1 Toen zong Mozes en de kinderen Israels de HEERE dit lied, en spraken, zeggende: Ik zal den HEERE zingen; want Hij is hogelijk verheven! Het paard en zijn ruiter heeft Hij in de zee geworpen.

2 De HEERE is mijn Kracht en Lied, en Hij is mij tot een Heil geweest; deze is mijn God; daarom zal ik Hem een liefelijke woning maken; Hij is mijns vaders God, dies zal ik Hem verheffen!

3 De HEERE is een krijgsman; HEERE is Zijn Naam!

4 Hij heeft Farao's wagenen en zijn heir in de zee geworpen; en de keure zijner hoofdlieden zijn verdronken in de Schelfzee.
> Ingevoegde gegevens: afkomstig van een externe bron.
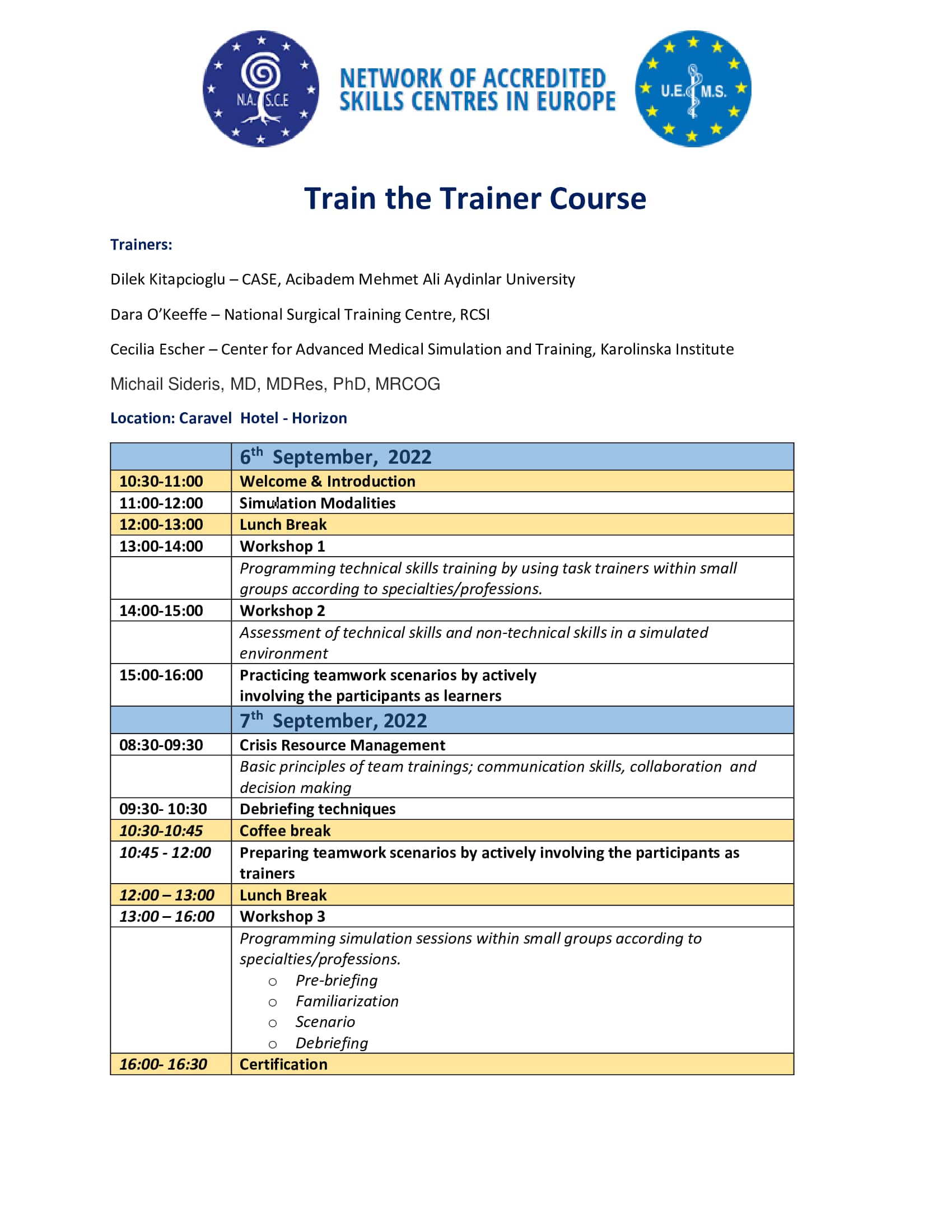Το Train the Trainers Course έχει ξεχωριστή Μοριοδότηση και εγγραφή και είναι πιστοποιημένο από την UEMS.

5 De afgronden hebben hen bedekt; zij zijn in de diepten gezonken als een steen.

6 O HEERE! Uw rechterhand is verheerlijkt geworden in macht; Uw rechterhand, o HEERE! heeft den vijand verbroken!

7 En door Uw grote hoogheid hebt Gij, die tegen U opstonden, omgeworpen; Gij hebt Uw brandenden toorn uitgezonden, die hen verteerd heeft als een stoppel.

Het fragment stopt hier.